## Provided records:
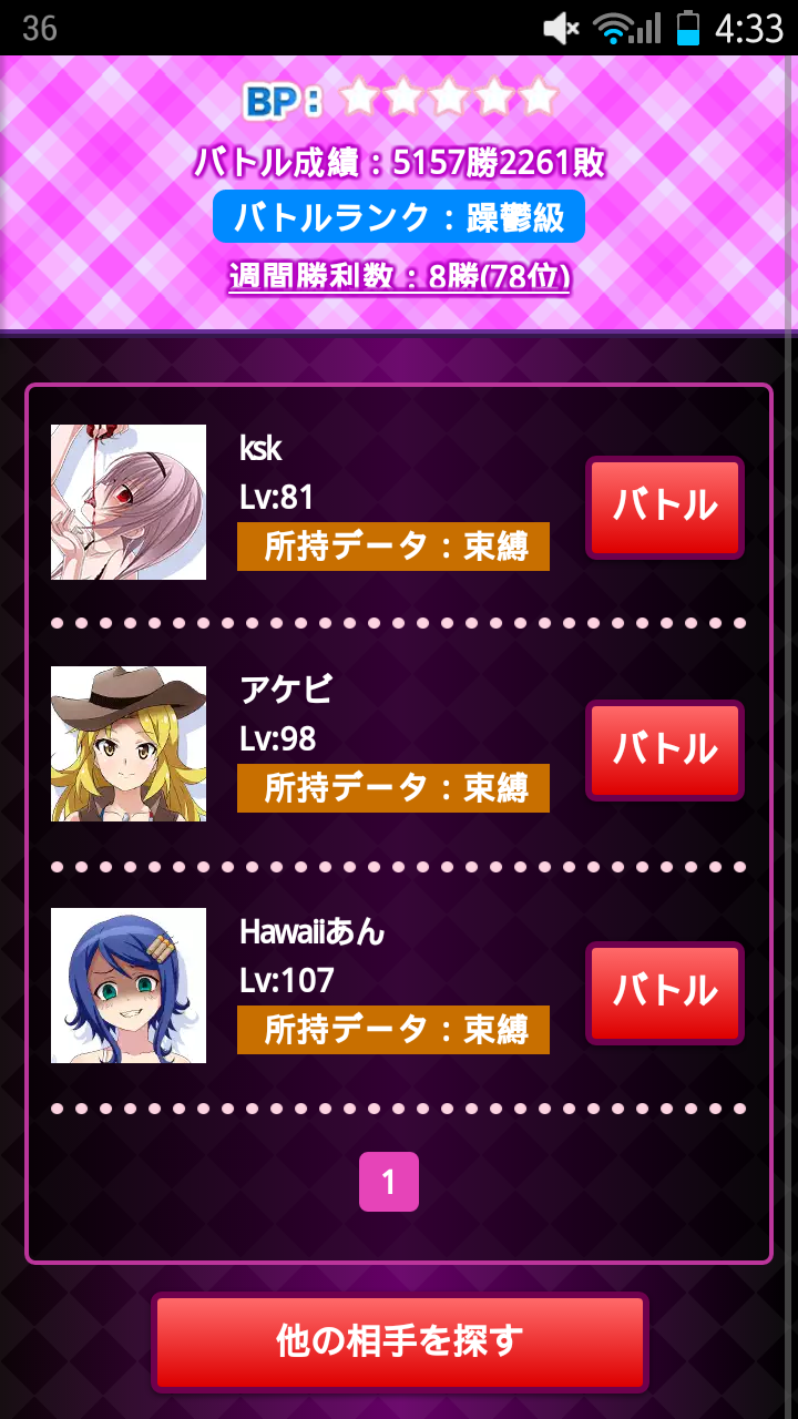 ランク上がってデータ残り2種類になると3〜6人固定になるから戦う前から結果分かるし勝てる人にひたすら粘着するだけに…
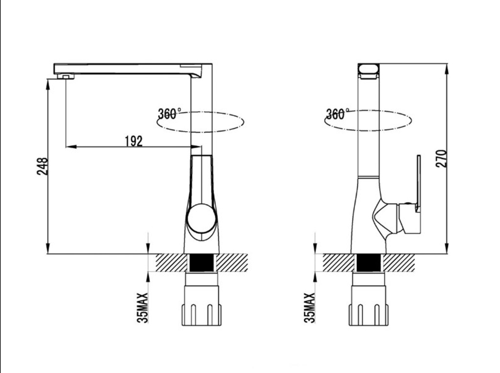 Kakovostna armatura s keramično kartušo za dolgo življenjsko dobo. Zagotavlja tih pretok vode (do 18 dB), prenese pritisk do 7 barov in vključuje vgrajen perlator za mehkejši curek, manj brizganja ter do 50 % prihranek vode. Testirana za dolgotrajno uporabo (100 odpiranj dnevno, 5 let).
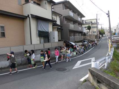 今日は社会科の学習で,校区の様子を調べるために校区探検に出かけました。
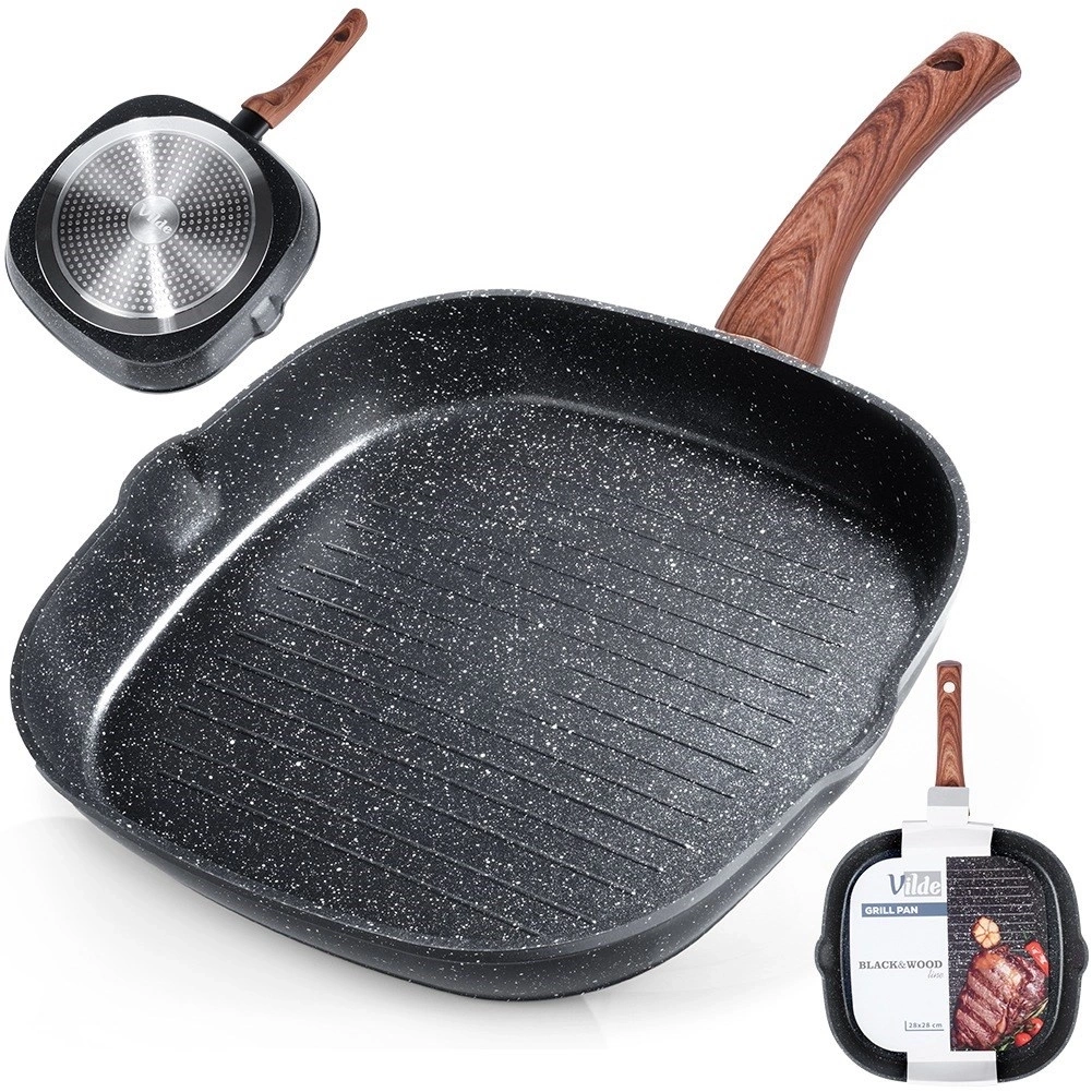 Kwadratowa, nieprzywierająca patelnia grillowa o wyjątkowym, ponadczasowym wyglądzie. Patelnia utrzymana w modnym połączeniu czerni z drewnem, dzięki czemu efektownie prezentuje się w kuchni. Patelnia jest niezbędna w każdej kuchni. Wykonana z najwyższej jakości materiałów. Odpowiednio użytkowana posłuży długie lata. Oryginalny produkt marki Vilde z linii Black&Wood. Wyprodukowano zgodnie z europejskimi standardami.
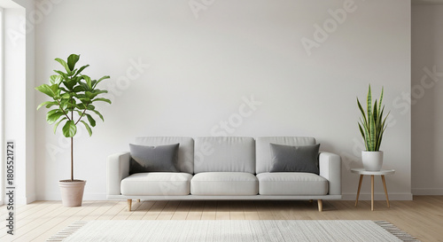 Minimalist Bright Living Room with Sofa and Potted Plants Interior Design
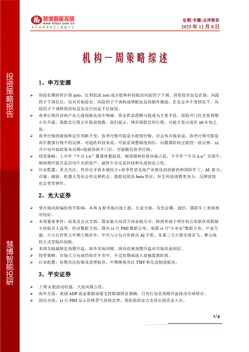 慧博智能投研-机构周策略:机构观点及行业配置-251130
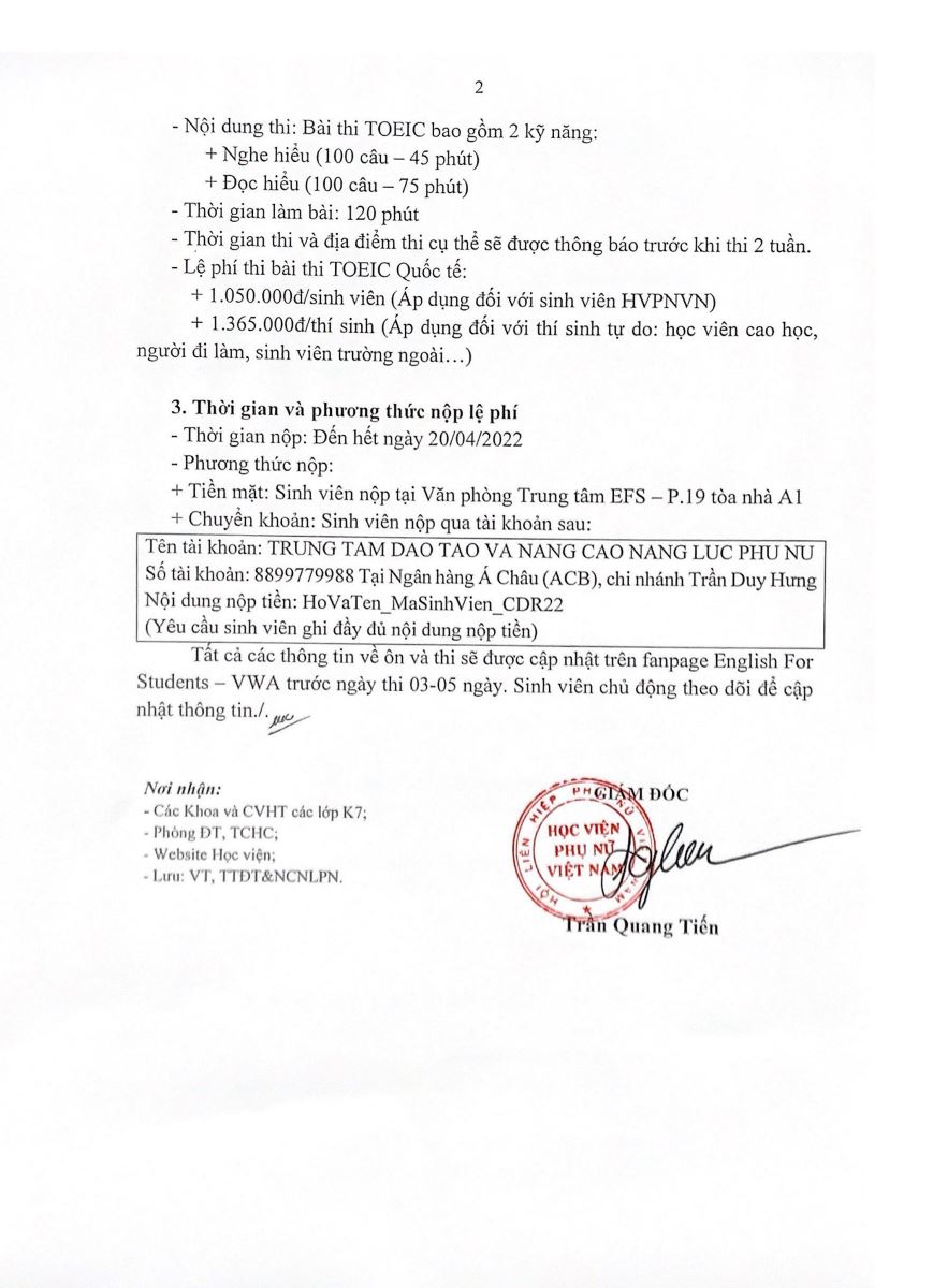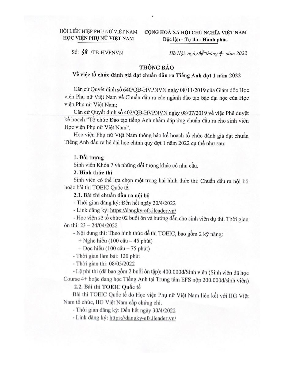 Thông báo tổ chức thi chuẩn đầu ra Tiếng Anh đợt 1 năm 2022
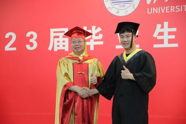 6月22日、23日,beat365中文登录入口2023届毕业生学位授予仪式在学校第一学术报告厅举行。来自各学院的毕业生在师生和家长们的见证下,身着学士服、硕士服、博士服依次上台,校长刘宗明为你们一一拨穗、合影留念并亲切鼓励大家以梦为马,莫负韶华。你们或比心、或自拍、或昂首挺胸、或激动万分……大家静静感受这温暖又神圣的一刻。流苏从帽子右边拨到左边,也预示着你们即将离开学校,踏上社会,去奔赴下一场山海。
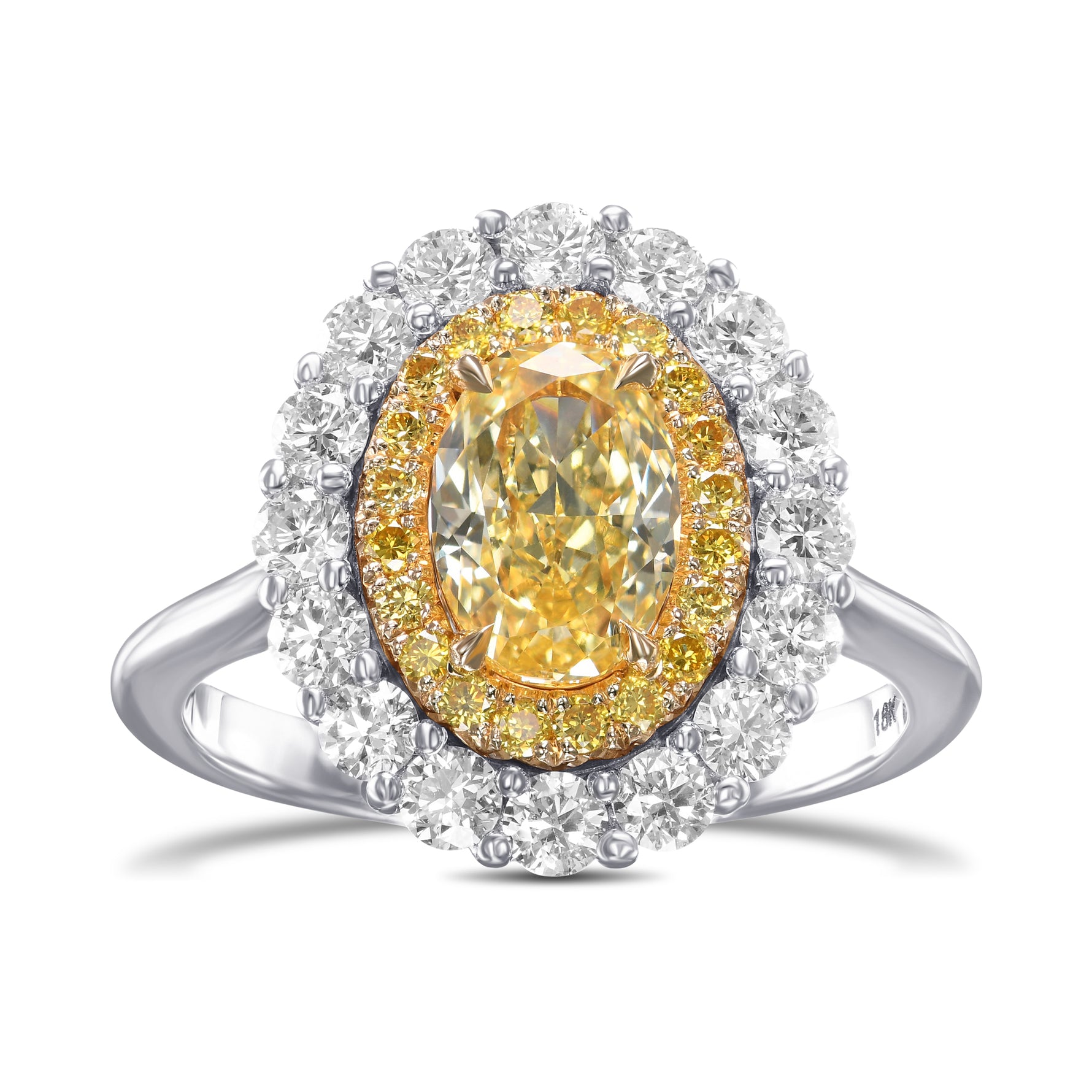 Fancy Intense Yellow Oval Double Halo Diamond Ring

## Required action:
The entries above are to be restated verbatim, with no pictures carried over.

## Answer space:
 ランク上がってデータ残り2種類になると3〜6人固定になるから戦う前から結果分かるし勝てる人にひたすら粘着するだけに…
 Kakovostna armatura s keramično kartušo za dolgo življenjsko dobo. Zagotavlja tih pretok vode (do 18 dB), prenese pritisk do 7 barov in vključuje vgrajen perlator za mehkejši curek, manj brizganja ter do 50 % prihranek vode. Testirana za dolgotrajno uporabo (100 odpiranj dnevno, 5 let).
 今日は社会科の学習で,校区の様子を調べるために校区探検に出かけました。
 Kwadratowa, nieprzywierająca patelnia grillowa o wyjątkowym, ponadczasowym wyglądzie. Patelnia utrzymana w modnym połączeniu czerni z drewnem, dzięki czemu efektownie prezentuje się w kuchni. Patelnia jest niezbędna w każdej kuchni. Wykonana z najwyższej jakości materiałów. Odpowiednio użytkowana posłuży długie lata. Oryginalny produkt marki Vilde z linii Black&Wood. Wyprodukowano zgodnie z europejskimi standardami.
 Minimalist Bright Living Room with Sofa and Potted Plants Interior Design
 慧博智能投研-机构周策略:机构观点及行业配置-251130
 Thông báo tổ chức thi chuẩn đầu ra Tiếng Anh đợt 1 năm 2022
 6月22日、23日,beat365中文登录入口2023届毕业生学位授予仪式在学校第一学术报告厅举行。来自各学院的毕业生在师生和家长们的见证下,身着学士服、硕士服、博士服依次上台,校长刘宗明为你们一一拨穗、合影留念并亲切鼓励大家以梦为马,莫负韶华。你们或比心、或自拍、或昂首挺胸、或激动万分……大家静静感受这温暖又神圣的一刻。流苏从帽子右边拨到左边,也预示着你们即将离开学校,踏上社会,去奔赴下一场山海。
 Fancy Intense Yellow Oval Double Halo Diamond Ring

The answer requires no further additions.